» **WHAT NEEDS TO BE DONE**
The listing is to be returned word for word, without its images.

:: DATA SEGMENT ::

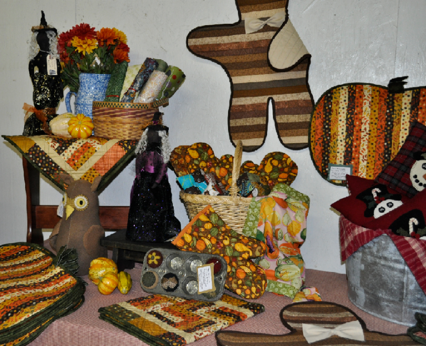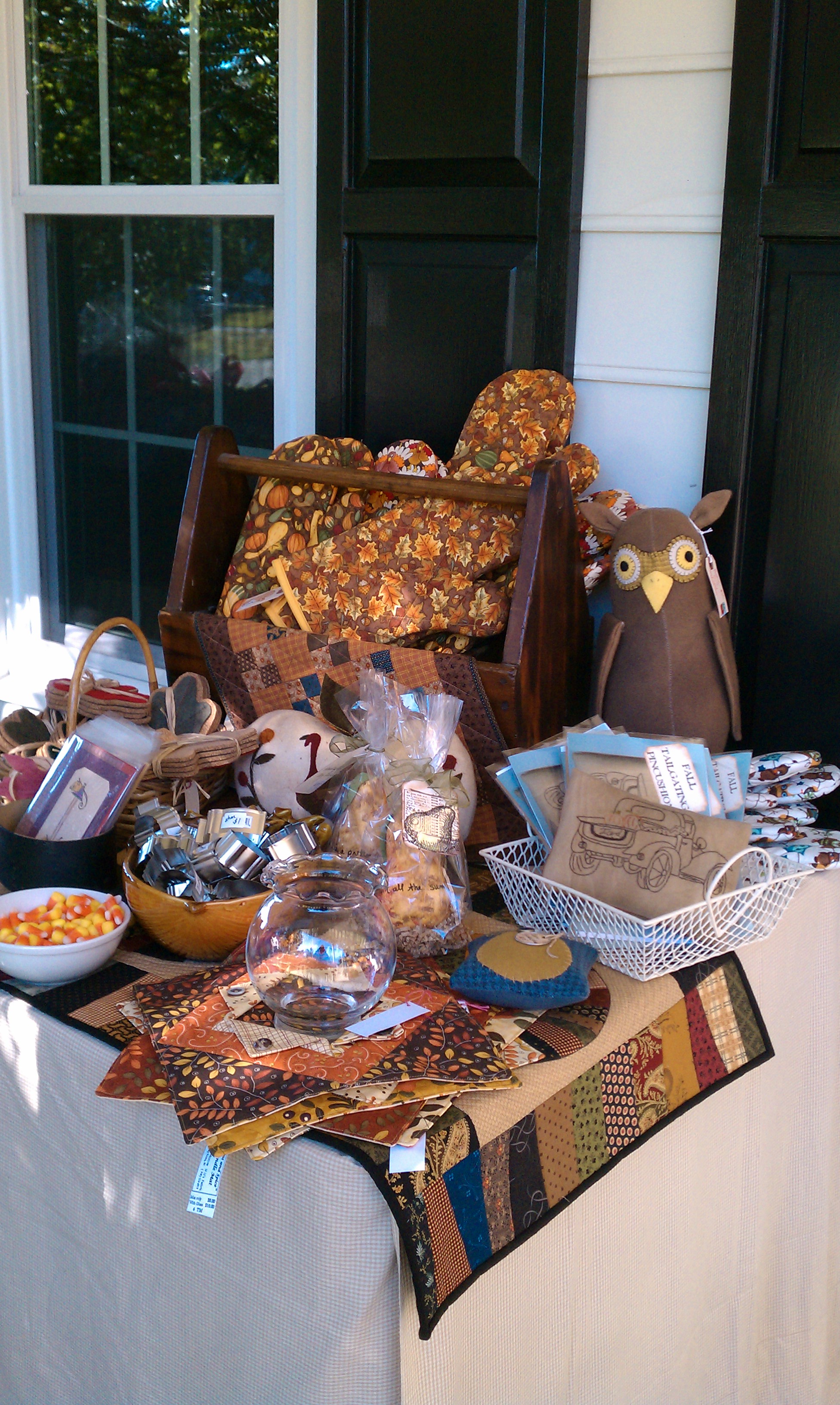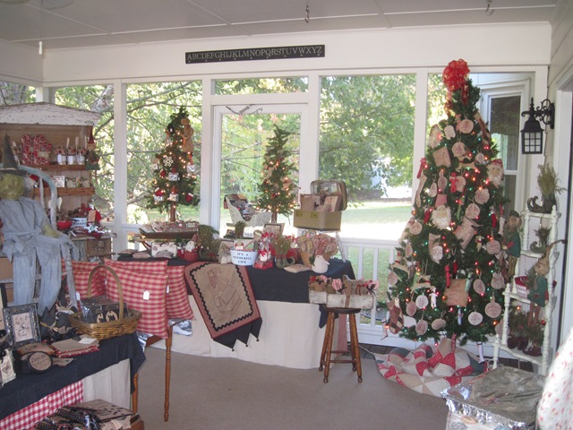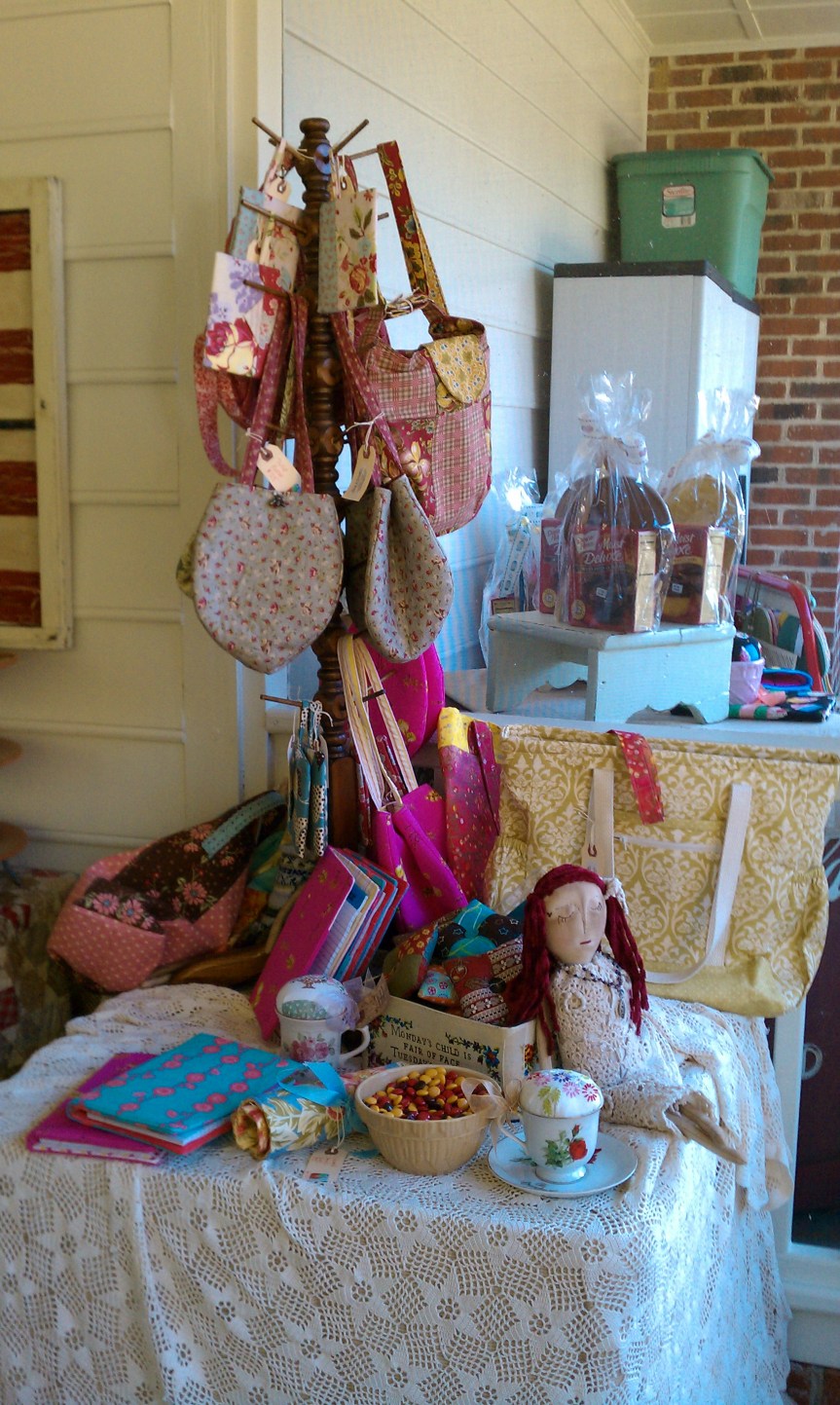 The expo featured several local vendors and some from places as far away as Oregon, Wisconsin, Florida and Texas. My favorite booth, hands down, was Lisa Bonegan’s “Primitive Gatherings” – packed to the brim with wool applique projects, wool, and patterns. And can you see who is in the picture I took at the booth – Ms. Sharon Stewart herself (aka, Liberty Rose). I caught her in the act of making a “few” purchases.
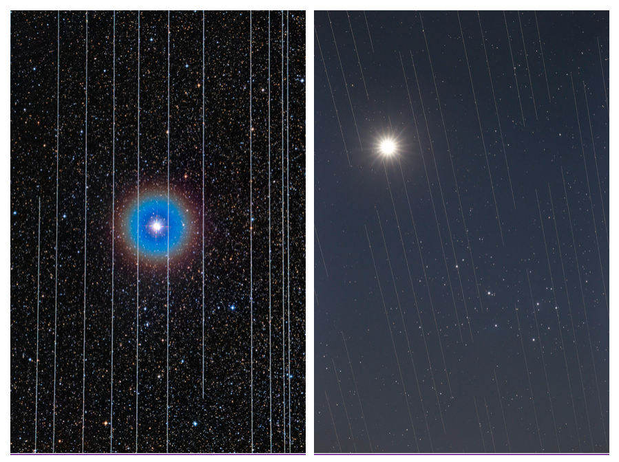 - műholdak: az utóbbi időkben egyre jelentősebbé vált a Föld körül keringő, jórészt kommunikációs műholdak fényszennyező hatása. Ezeknek a műholdaknak a száma napjainkban rohamosan növekszik, és így gátolja az égbolt halvány fényű objektumait kémlelő csillagászok munkáját. Egy nemrégiben megjelent tanulmány szerint a Föld körül keringő mesterséges holdak több mint 10%-kal megnövelik az éjszakai égbolt fényességét.
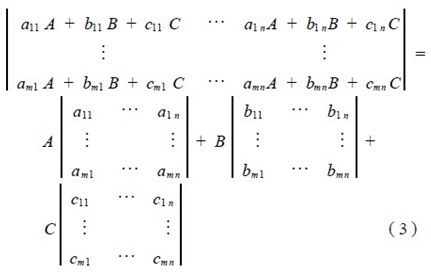 矩陣(2) 中的每一元素代表著M ×N 點CRT圖像中對應像素點的圖像亮度信息,而元素在矩陣中的位置恰恰是該像素點在CRT 圖像中的位置。其中A 、B 、C 代表著具有單位亮度的R、G、B 三原色,係數aij 、bij 、cij 為零和正整數,它決定著混成該像素點顏色所需R、G、B 三色的亮度份額,如果將該圖像白電平亮度所含R、G、B 三原色的亮度分別等分成N 級,那麼每份亮度就是A 、B 、C , 即單位亮度, aij 、bij 、cij 的取值分別為從0 到N ,表示用aij 份的單元亮度紅色, bij 份的單位亮度綠色和cij 份的單位亮度藍色,可混成該元素所對應像素點的顏色。根據矩陣運算法則,矩陣(2) 又可表示為
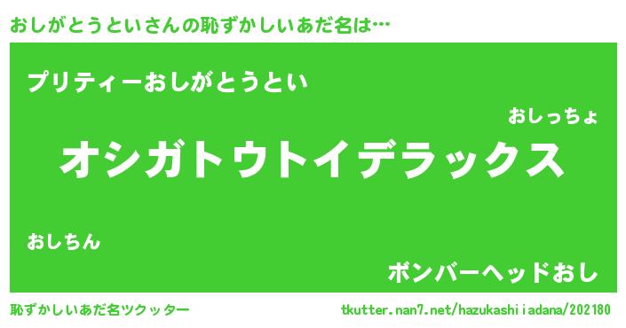 | ヒーロー風カッコイイあだ名 | 『最強戦士オシガトウトイ』 |

:::

» **RESPONSE TO THE EXERCISE**
 The expo featured several local vendors and some from places as far away as Oregon, Wisconsin, Florida and Texas. My favorite booth, hands down, was Lisa Bonegan’s “Primitive Gatherings” – packed to the brim with wool applique projects, wool, and patterns. And can you see who is in the picture I took at the booth – Ms. Sharon Stewart herself (aka, Liberty Rose). I caught her in the act of making a “few” purchases.
 - műholdak: az utóbbi időkben egyre jelentősebbé vált a Föld körül keringő, jórészt kommunikációs műholdak fényszennyező hatása. Ezeknek a műholdaknak a száma napjainkban rohamosan növekszik, és így gátolja az égbolt halvány fényű objektumait kémlelő csillagászok munkáját. Egy nemrégiben megjelent tanulmány szerint a Föld körül keringő mesterséges holdak több mint 10%-kal megnövelik az éjszakai égbolt fényességét.
 矩陣(2) 中的每一元素代表著M ×N 點CRT圖像中對應像素點的圖像亮度信息,而元素在矩陣中的位置恰恰是該像素點在CRT 圖像中的位置。其中A 、B 、C 代表著具有單位亮度的R、G、B 三原色,係數aij 、bij 、cij 為零和正整數,它決定著混成該像素點顏色所需R、G、B 三色的亮度份額,如果將該圖像白電平亮度所含R、G、B 三原色的亮度分別等分成N 級,那麼每份亮度就是A 、B 、C , 即單位亮度, aij 、bij 、cij 的取值分別為從0 到N ,表示用aij 份的單元亮度紅色, bij 份的單位亮度綠色和cij 份的單位亮度藍色,可混成該元素所對應像素點的顏色。根據矩陣運算法則,矩陣(2) 又可表示為
 | ヒーロー風カッコイイあだ名 | 『最強戦士オシガトウトイ』 |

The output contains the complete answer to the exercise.